Data Discovery is currently in Private Preview and is not available for General Availability (GA). It should not be used in production environments, as features and functionality may change before the final GA release.

Performance and Accuracy

Details on performance and accuracy results.

Introduction

Performance and accuracy are critical metrics for data discovery tools. These ensure that large datasets can be processed swiftly and sensitive information is correctly identified. High performance minimizes latency and maximizes productivity, while accuracy reduces the risk of data breaches and ensures compliance with regulatory standards like GDPR and CCPA.

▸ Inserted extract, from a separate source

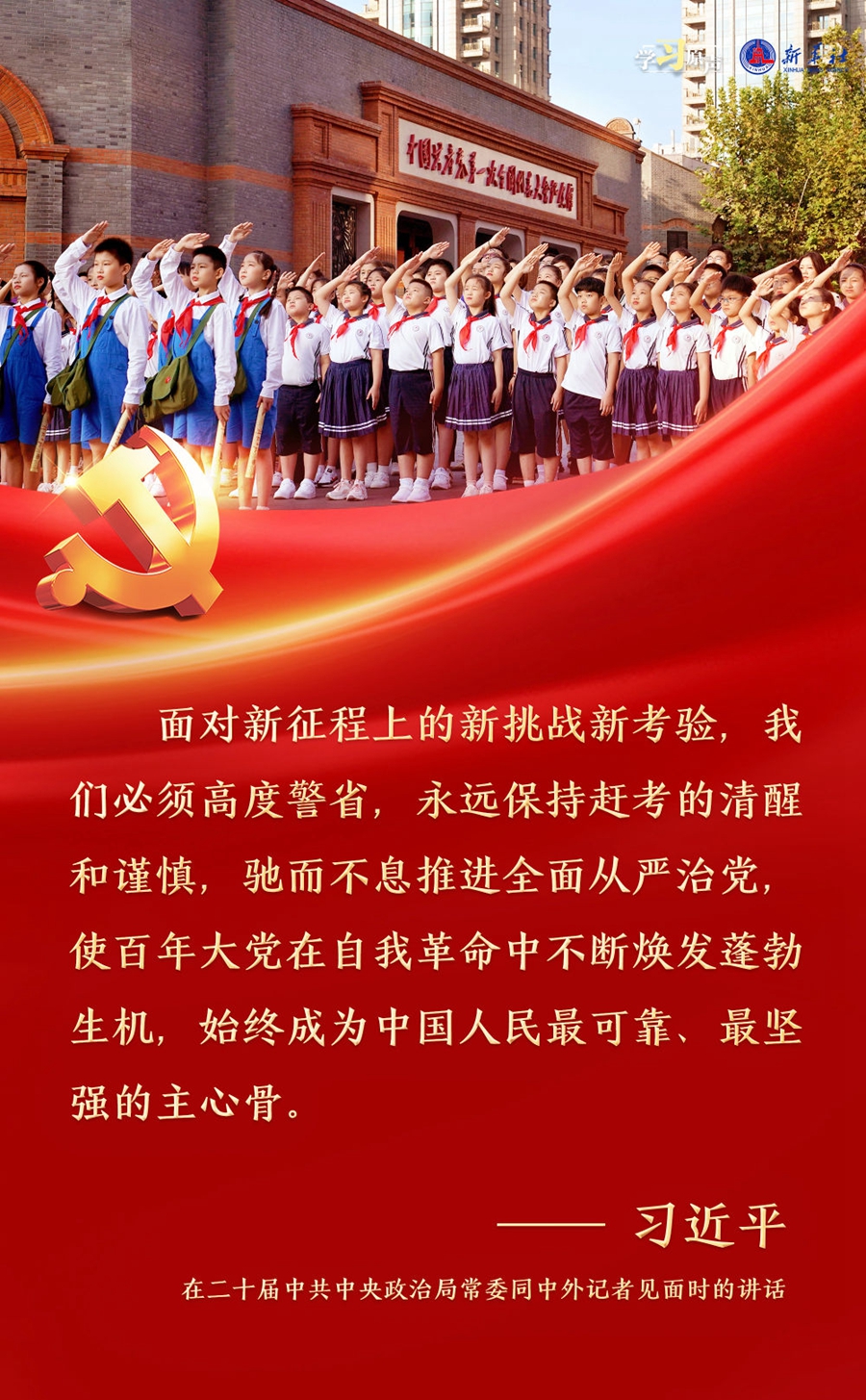 ??習近平總書記強調(diào),面對新征程上的新挑戰(zhàn)新考驗,我們必須高度警省,永遠保持趕考的清醒和謹慎,馳而不息推進全面從嚴治黨,使百年大黨在自我革命中不斷煥發(fā)蓬勃生機,始終成為中國人民最可靠、最堅強的主心骨。

Together, these qualities are essential for maintaining data integrity and security in environments where unstructured data flows through various systems..

Performance Evaluation

The evaluation included Data Discovery deployed on Amazon EKS using a Helm Chart. The primary goal was to validate the application’s scalability and the infrastructure’s ability to handle varying loads under real-world conditions. Nevertheless, performance will vary between applications due to confounding variations in customer use cases. The key findings are as follows:

  • Scalability: The application and infrastructure configurations can efficiently scale to meet usage demands and support parallel service calls.

  • Instance Type: The m5.large8 instance was identified as a well-balanced choice for performance and cost.

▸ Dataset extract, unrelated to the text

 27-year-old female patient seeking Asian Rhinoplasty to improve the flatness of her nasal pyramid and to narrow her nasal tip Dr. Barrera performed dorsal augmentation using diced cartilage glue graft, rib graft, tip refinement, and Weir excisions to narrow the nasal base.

    • If the priority is Faster Response Times: Splitting messages into smaller chunks and processing them in parallel is more cost-effective with multiple weaker instance types.
    • If the priority is Maximizing Processing Efficiency: Merging content into a single, larger request and using more powerful instance types is better for maximizing Processing Efficiency (characters processed per second).
  • EKS Auto Mode: Running EKS in auto mode offers a fully managed Kubernetes cluster with minimal maintenance. This enables the service to self-regulate by automatically scaling up or down based on demand.

  • Optimized CPU Usage: Maintain low CPU reservation for accurate measurement and effective self-regulation via the Horizontal Pod Autoscaler (HPA) that adjusts based on CPU usage percentage, balancing throughput, and idle time.

Detection Accuracy

Protegrity Data Discovery employs sophisticated Machine Learning (ML) and Natural Language Processing (NLP) technologies to achieve high accuracy in identifying sensitive data. The system processes English text inputs, with an NLP model pinpointing text spans within the document that correspond to various PII elements. The output includes text span as a PII entity, along with the entity type, entity position (start and end), and a confidence score. This confidence score reflects the likelihood of the text span being a PII entity, ensuring precise detection.

Dataset

Diverse datasets containing PII data, which differ based on demographic composition (volume and diversity), variations in data characteristics, types of labels, and other influencing factors were utilized. For example, labels such as “PERSON” and “PHONE_NUMBER” are used. The overall accuracy for detecting various PII data combinations in the dataset was measured with detection rate exceeding 96%.

Accuracy

Defined as an average of detection rates across sentences in a given text data.

Detection Rate = Valid Detections/Ground Truth

Where, Valid Detections is the number of correctly detected PII and Ground Truth is the total number of PIIs.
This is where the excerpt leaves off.